The applicant's third submission is that in view of the judgment in Case 18/70 (Almini) [1971] ECR 623 he should have been allowed the opportunity to give his views in good time on the question whether the measure at issue was in the interest of the service. For the reasons why I think that contention should be rejected I refer to paragraph 17 of the decision in the Arning case which I have cited. As far as this case is concerned, I would merely add that it is clear from the evidence provided by the applicant and the Commission in all three cases that the applicant's views on the planned measure were certainly sufficiently known.

The applicant's fourth submission is that his material and nonmaterial interests as well as his chances of promotion were adversely affected by his transfer. In view of the Court's statements in paragraphs 20 and 21 of the decision in the comparable Kühner case this contention must also be rejected. As in the Kühner case, the applicant's new duties as “head of a sector of activity in a division” correspond “very closely to one of the descriptions of posts comprised in the basic post of principal administrator”. In my view the Commission satisfactorily refuted the submission made at the hearing that there is no such correspondence. I would add that, unlike the other distinguishable activities of the division in question, his sector of activity is in fact mentioned separately in the general description of the division's work and that it is clear from the report of Mr Verheyden to which I referred earlier that he does have a rather privileged position vis-à-vis his colleagues in the division. Finally, I repeat my conclusion in the introduction, namely that in the interests of the service the Commission must be considered to be fully entitled to adopt the reorganization measures in question. Owing to the care with which the consequences of that measure upon the applicant were adjusted, not only was his status fully respected but furthermore; his personal interests were reasonably taken into account.

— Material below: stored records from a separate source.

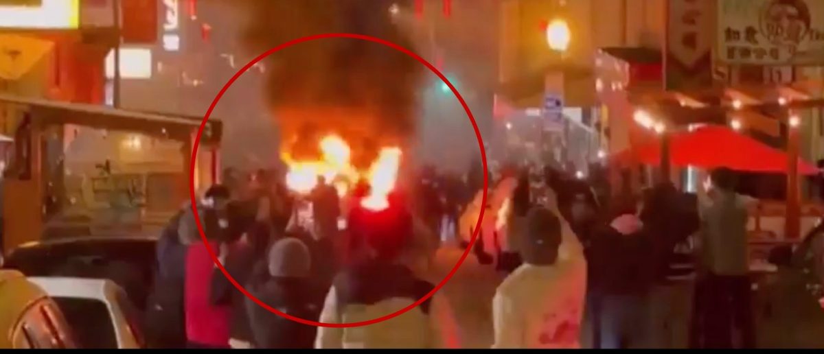 Two men broke a window and one of them appeared to use a skateboard to crash into a car multiple times, and people in the crowd were seen filming the incident. Other videos later showed the car burst into flames as a crowd formed around it. (Related: San Francisco Mayor, California Democrat Becomes Latest to Back Ballot Measure That Tightens Penalties for Retail Crimes)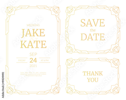 Vector illustrations set of luxury wedding invitation cards with gold gradient. Gold frame. Line art deco vintage geometric pattern wedding template for save the date cards with jewelry stone corners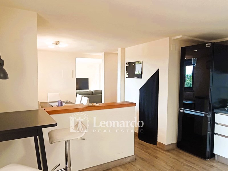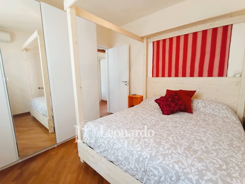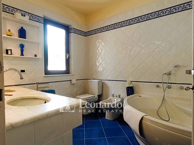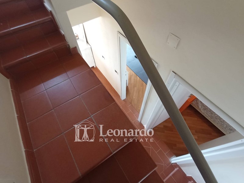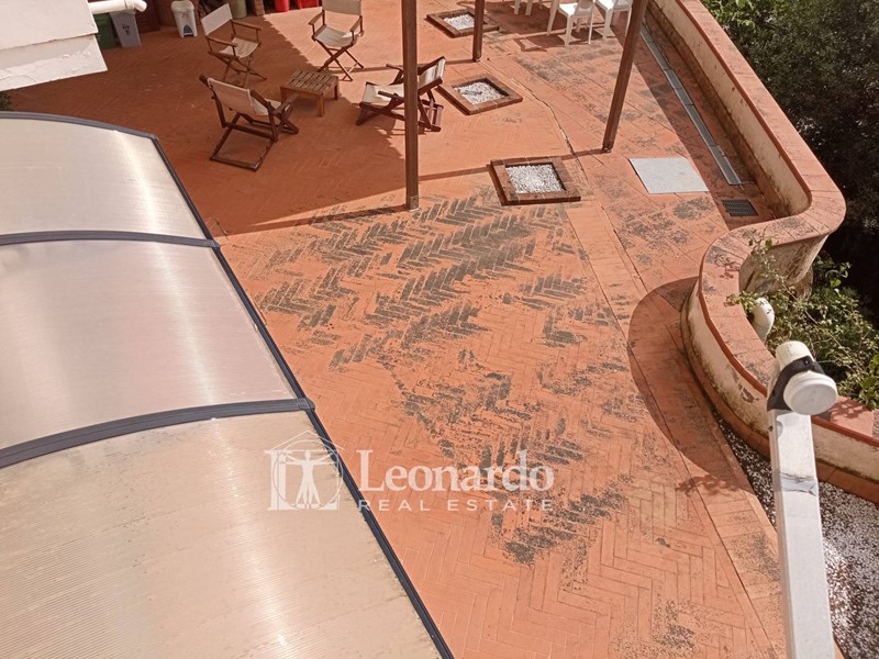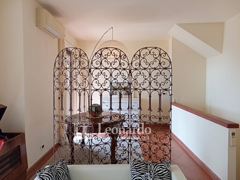 L'ingresso principale si apre su un ampio disimpegno destinabile anche a cucina a vista che accede al soggiorno luminoso dotato di balcone con vista sul mare. Allo stesso pian terreno troviamo due camere matrimoniali, una con balcone e vista mare. Saliamo al piano superiore per trovare una terza camera mansardata e ripostigli sottotetto.

Finally, the last submission as to misuse of power must, I think, also be dismissed. On this point I refer to the judgments in Kühner and Arning as well as to my introductory remarks. The reorganization was the result of the external Spierenburg Report and the internal Ortoli Report and considerations such as those mentioned in my introductory remarks were a clear justification of the need for it. As was also held in the judgments I have just cited, it is not for the Court to pass any judgment on the expediency of the reorganization or its effects upon the applicant. However, the course of events shown by the evidence submitted by the applicant and the Commission gives no reason to doubt that only considerations bearing upon the interests of the service were taken into account when the contested decision was adopted and that those considerations were wholly unrelated to the applicant personally.

For those same reasons the claim for damages should be dismissed.

To sum up, I think that serious criticisms may indeed be made against the Commission, particularly as regards the assessment procedure followed. These concern first the delay in assessment, which should mostly be attributed to the Commission. Secondly they concern the Commission's disregard of the procedural guarantees which it had itself introduced for an objective consideration of a complaint lodged against a final assessment. However, in view of the Court's previous decisions and other considerations, the irregularities noted cannot lead to the annulment of the decisions in question or to an award of the damages claimed. Therefore in my opinion all the applications should be dismissed and both parties ordered to pay their own costs in accordance with Article 70 of the Rules of Procedure.

*

Language of the case: Dutch.

The same view is expressed in paragraph 18 of the Court's judgment of 21 April 1983 in Case 282/81 Ragusa.